I am currently developing a python package that uses cython
and numpy
and I want the package to be installable using the pip install
command from a clean python installation. All dependencies should be installed automatically. I am using setuptools
with the following setup.py
:
import setuptools
my_c_lib_ext = setuptools.Extension(
name="my_c_lib",
sources=["my_c_lib/some_file.pyx"]
)
setuptools.setup(
name="my_lib",
version="0.0.1",
author="Me",
author_email="[email protected]",
description="Some python library",
packages=["my_lib"],
ext_modules=[my_c_lib_ext],
setup_requires=["cython >= 0.29"],
install_requires=["numpy >= 1.15"],
classifiers=[
"Programming Language :: Python :: 3",
"Operating System :: OS Independent"
]
)
This has worked great so far. The pip install
command downloads cython
for the build and is able to build my package and install it together with numpy
.
Now I want to improve the performance of my cython
code, which leads to some changes in my setup.py
. I need to add include_dirs=[numpy.get_include()]
to either the call of setuptools.Extension(...)
or setuptools.setup(...)
which means that I also need to import numpy
. (See http://docs.cython.org/en/latest/src/tutorial/numpy.html and Make distutils look for numpy header files in the correct place for rationals.)
This is bad. Now the user cannot call pip install
from a clean environment, because import numpy
will fail. The user needs to pip install numpy
before installing my library. Even if I move "numpy >= 1.15"
from install_requires
to setup_requires
the installation fails, because the import numpy
is evaluated earlier.
Is there a way to evaluate the include_dirs
at a later point of the installation, for example, after the dependencies from setup_requires
or install_requires
have been resolved? I really like to have all dependencies resolved automatically and I dont want the user to type multiple pip install
commands.
The following snippet works, but it is not officially supported because it uses an undocumented (and private) method:
class NumpyExtension(setuptools.Extension):
# setuptools calls this function after installing dependencies
def _convert_pyx_sources_to_lang(self):
import numpy
self.include_dirs.append(numpy.get_include())

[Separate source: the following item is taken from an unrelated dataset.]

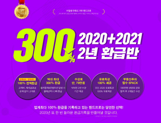 우선 300%환급반의 필두인 랜드프로 공인중개사 평생 300% 환급반은 공인중개사에 합격하기만 하면 수강료 100%를 교재비, 제세공과금 공제 없이 현금으로 환급 받을 수 있고, 31회 공인중개사시험 최종합격 및 민법미션 달성 시 수강료 300% 현금 환급이 가능하다.

super()._convert_pyx_sources_to_lang()
my_c_lib_ext = NumpyExtension(
name="my_c_lib",
sources=["my_c_lib/some_file.pyx"]
)
The article How to Bootstrap numpy installation in setup.py proposes using a cmdclass
with custom build_ext
class. Unfortunately, this breaks the build of the cython
extension because cython
also customizes build_ext
.
First question, when is numpy
needed? It is needed during the setup (i.e. when build_ext
-funcionality is called) and in the installation, when the module is used. That means numpy
should be in setup_requires
and in install_requires
.
There are following alternatives to solve the issue for the setup:
setup_requires
-argument of setup
and postponing import of numpy
until setup's requirements are satisfied (which is not the case at the start of setup.py
's execution)Put next to setup.py
a pyproject.toml
-file , with the following content:
[build-system]
requires = ["setuptools", "wheel", "Cython>=0.29", "numpy >= 1.15"]
which defines packages needed for building, and then install using pip install .
in the folder with setup.py
. A disadvantage of this method is that python setup.py install
no longer works, as it is pip
that reads pyproject.toml
. However, I would use this approach whenever possible.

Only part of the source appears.